SOUTH SAN FRANCISCO, Calif. (KTVU) - A KTVU 2 Investigates report helped spark the award of hundreds of thousands of dollars to a woman who was wrongfully terminated over a family-leave discrepancy.
Ivania Centeno was a 13-year employee at a Bon Appetit café inside Genentech in South San Francisco.
She said she was let go in 2017 for taking time off to care for her dying mother-in-law, in violation of company policy.
After more than a year fighting for a resolution, 2 Investigates aired a report in February highlighting Centeno’s situation and the bigger issue of a legal loophole in California that prevents in-laws from being covered under family-leave laws.

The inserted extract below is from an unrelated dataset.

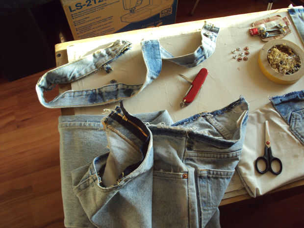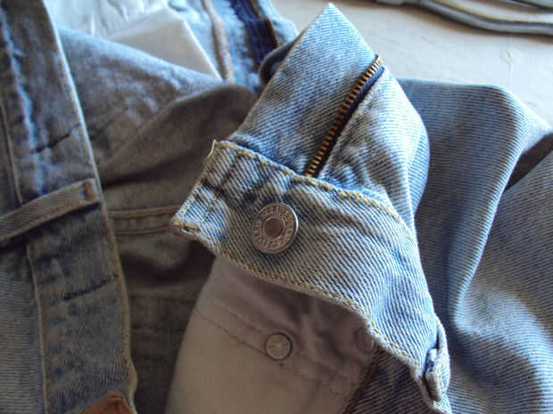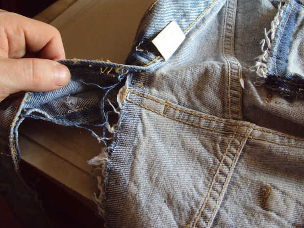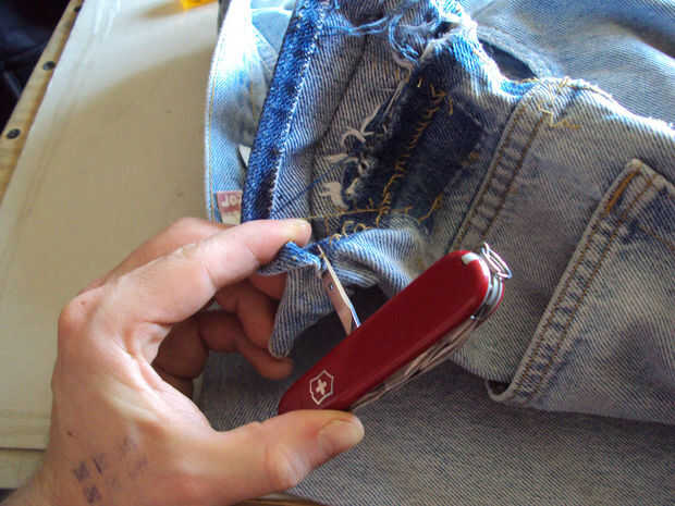 Partiendo por donde esta el botón, rompe los hilos en la parte une la cintura con la pierna del pantalón y continua por todo su largo hasta deshacerla por completo.

Under California’s paid leave law, care of in-laws is covered. However, under the California Family Rights Act, care of in-laws is not covered. It’s not clear which law takes precedent. It will require legislative changes to fix.
In Centeno’s case, she claims when her mother-in-law became deathly ill, she was given permission by Bon Appetit to fly to Nicaragua to help care for her.
Her mother-in-law later died and Centeno headed back to the states to return to her job. However, when she returned, Bon Appetit fired her claiming she had missed too many days of work and that her mother-in-law didn’t qualify under the family leave policy.
Records show bosses blamed computer software that made the firing decision. Centeno’s trip and circumstances of her recent and previous absences for a work-related injury, were entered into a computer system that arrived the conclusion she should be terminated.
2 Investigates requested interviews and answers to the lawsuit from Bon Appetit but have yet to get any, even after showing up at the corporate office in Palo Alto.
Court records show in April the case was finally resolved and mentioned “the trial preparation and media work were both useful to the ultimate resolutions of the case and should therefore be fully compensated.”
Centeno was given an undisclosed amount of back pay, unemployment benefits and also awarded $211,795 in attorney fees and $25,603 in court costs.
“The case was at an impasse before [2 Investigates] got involved and afterwards it resolved and I think KTVU’s involvement had a lot to do with that,” attorney Rob Nelson representing Centeno said. “I hope any employer would walk away from a situation like this with the message that you need to treat your employees like human beings.”
Centeno has a new job and is relieved and happy the case has come to a close. “I feel less stressed and I feel more relaxed,” she said. “I have my life back.”